## Problem to solve
Write out the listing verbatim. No pictures belong in it.

***

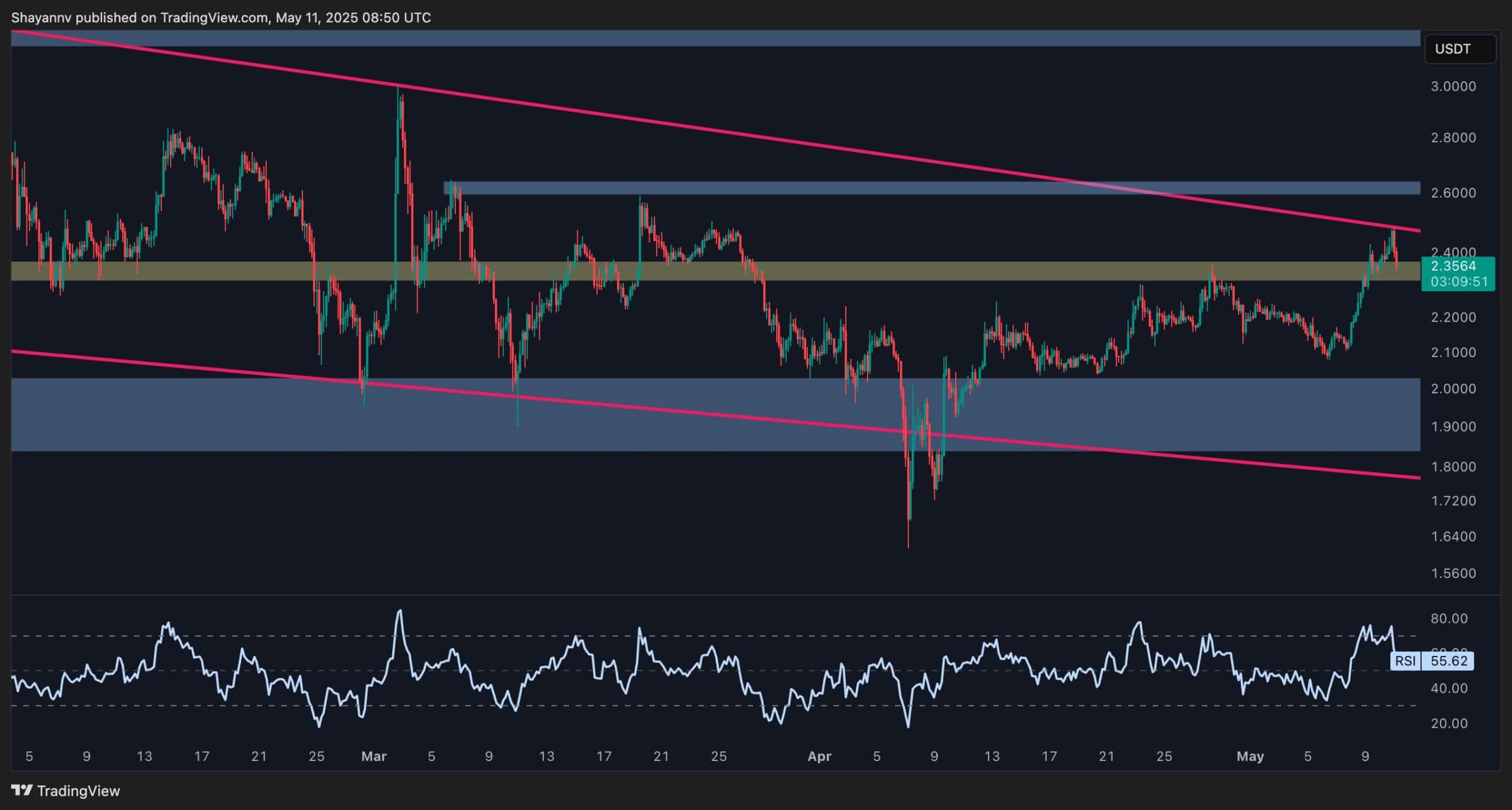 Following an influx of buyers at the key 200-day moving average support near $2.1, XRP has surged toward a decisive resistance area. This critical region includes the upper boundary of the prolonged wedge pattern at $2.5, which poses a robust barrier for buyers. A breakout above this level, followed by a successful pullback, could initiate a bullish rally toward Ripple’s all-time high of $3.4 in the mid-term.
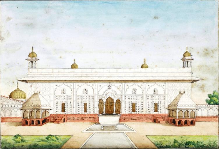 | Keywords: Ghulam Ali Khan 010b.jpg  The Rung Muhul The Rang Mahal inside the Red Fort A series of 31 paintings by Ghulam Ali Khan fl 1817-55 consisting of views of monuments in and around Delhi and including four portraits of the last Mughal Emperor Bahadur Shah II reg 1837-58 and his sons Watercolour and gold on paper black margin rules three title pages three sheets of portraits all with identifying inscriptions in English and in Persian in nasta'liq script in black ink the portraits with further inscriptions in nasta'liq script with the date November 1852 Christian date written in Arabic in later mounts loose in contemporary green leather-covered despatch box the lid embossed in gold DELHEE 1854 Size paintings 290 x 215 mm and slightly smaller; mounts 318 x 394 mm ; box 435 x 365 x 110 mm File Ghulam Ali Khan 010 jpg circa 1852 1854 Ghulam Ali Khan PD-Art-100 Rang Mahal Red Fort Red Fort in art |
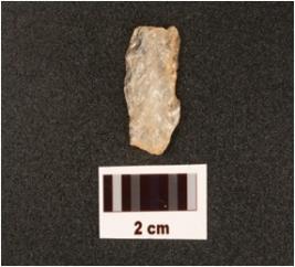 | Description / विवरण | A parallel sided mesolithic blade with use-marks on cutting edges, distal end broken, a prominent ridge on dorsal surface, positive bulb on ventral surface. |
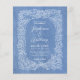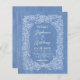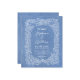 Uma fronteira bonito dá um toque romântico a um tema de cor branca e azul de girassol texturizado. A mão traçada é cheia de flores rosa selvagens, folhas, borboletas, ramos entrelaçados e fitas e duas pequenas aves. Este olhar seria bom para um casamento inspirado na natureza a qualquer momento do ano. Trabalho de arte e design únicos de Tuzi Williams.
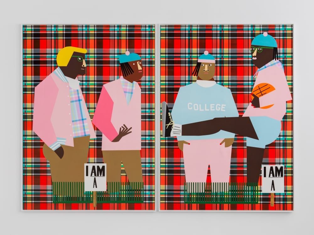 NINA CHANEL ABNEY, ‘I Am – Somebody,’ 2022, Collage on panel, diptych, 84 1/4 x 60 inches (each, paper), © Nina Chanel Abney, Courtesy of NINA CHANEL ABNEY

***

## Written response
 Following an influx of buyers at the key 200-day moving average support near $2.1, XRP has surged toward a decisive resistance area. This critical region includes the upper boundary of the prolonged wedge pattern at $2.5, which poses a robust barrier for buyers. A breakout above this level, followed by a successful pullback, could initiate a bullish rally toward Ripple’s all-time high of $3.4 in the mid-term.
 | Keywords: Ghulam Ali Khan 010b.jpg  The Rung Muhul The Rang Mahal inside the Red Fort A series of 31 paintings by Ghulam Ali Khan fl 1817-55 consisting of views of monuments in and around Delhi and including four portraits of the last Mughal Emperor Bahadur Shah II reg 1837-58 and his sons Watercolour and gold on paper black margin rules three title pages three sheets of portraits all with identifying inscriptions in English and in Persian in nasta'liq script in black ink the portraits with further inscriptions in nasta'liq script with the date November 1852 Christian date written in Arabic in later mounts loose in contemporary green leather-covered despatch box the lid embossed in gold DELHEE 1854 Size paintings 290 x 215 mm and slightly smaller; mounts 318 x 394 mm ; box 435 x 365 x 110 mm File Ghulam Ali Khan 010 jpg circa 1852 1854 Ghulam Ali Khan PD-Art-100 Rang Mahal Red Fort Red Fort in art |
 | Description / विवरण | A parallel sided mesolithic blade with use-marks on cutting edges, distal end broken, a prominent ridge on dorsal surface, positive bulb on ventral surface. |
 Uma fronteira bonito dá um toque romântico a um tema de cor branca e azul de girassol texturizado. A mão traçada é cheia de flores rosa selvagens, folhas, borboletas, ramos entrelaçados e fitas e duas pequenas aves. Este olhar seria bom para um casamento inspirado na natureza a qualquer momento do ano. Trabalho de arte e design únicos de Tuzi Williams.
 NINA CHANEL ABNEY, ‘I Am – Somebody,’ 2022, Collage on panel, diptych, 84 1/4 x 60 inches (each, paper), © Nina Chanel Abney, Courtesy of NINA CHANEL ABNEY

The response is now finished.